(Entries taken from a collection)

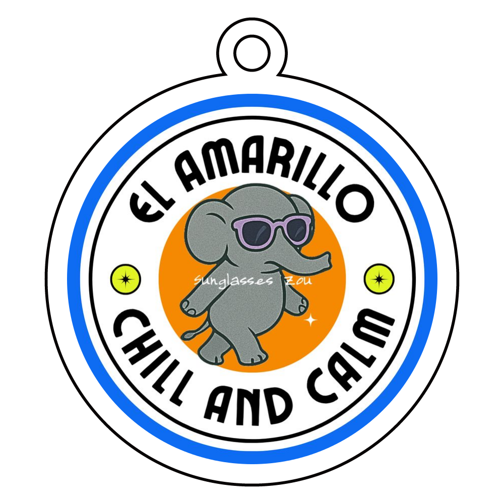 丸いフォルムが可愛い円形キーホルダーに、レトロポップなサングラスゾウをデザイン。
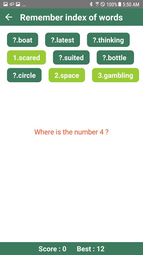 The first game: Remember the position of the words displayed on the screen, these words will change positions after 6 seconds, then you need to remember and choose the exact location of the words.
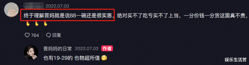 有粉丝看完广告后表示,终于理解晋妈妈说88一碗还是很实惠了。不过这也透露出晋妈妈面馆的价格,走的是中高端价格,一碗面88元,这价格看上去就很吓人了,多少也是一套衣服的钱呀。
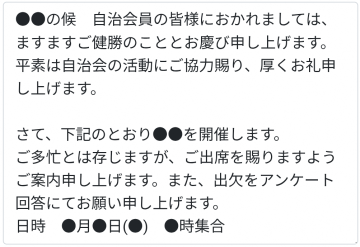 ・配信する側(会長など)は、日時や集合場所などの情報と参加の可否を尋ねるアンケートを付け、受け取る側(自治会員など)に配信します。
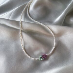 Możesz dopasować kolor koralików na łańcuszku — biały lub kremowy.
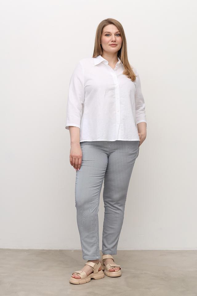 Рубашка имеет прямой крой, который обеспечивает свободу движений и подходит для различных типов фигур. Рукава 3/4 добавляют образу лёгкости и непринуждённости. Классический воротник и застёжка на пуговицы придают рубашке элегантный вид.

**PROBLEM REQUIREMENTS**
Please repeat the lines above from the line containing "Możesz dopasować kolor" through the final line, both included, exactly as they stand and without pictures.

**ANSWER BOX**
 Możesz dopasować kolor koralików na łańcuszku — biały lub kremowy.
 Рубашка имеет прямой крой, который обеспечивает свободу движений и подходит для различных типов фигур. Рукава 3/4 добавляют образу лёгкости и непринуждённости. Классический воротник и застёжка на пуговицы придают рубашке элегантный вид.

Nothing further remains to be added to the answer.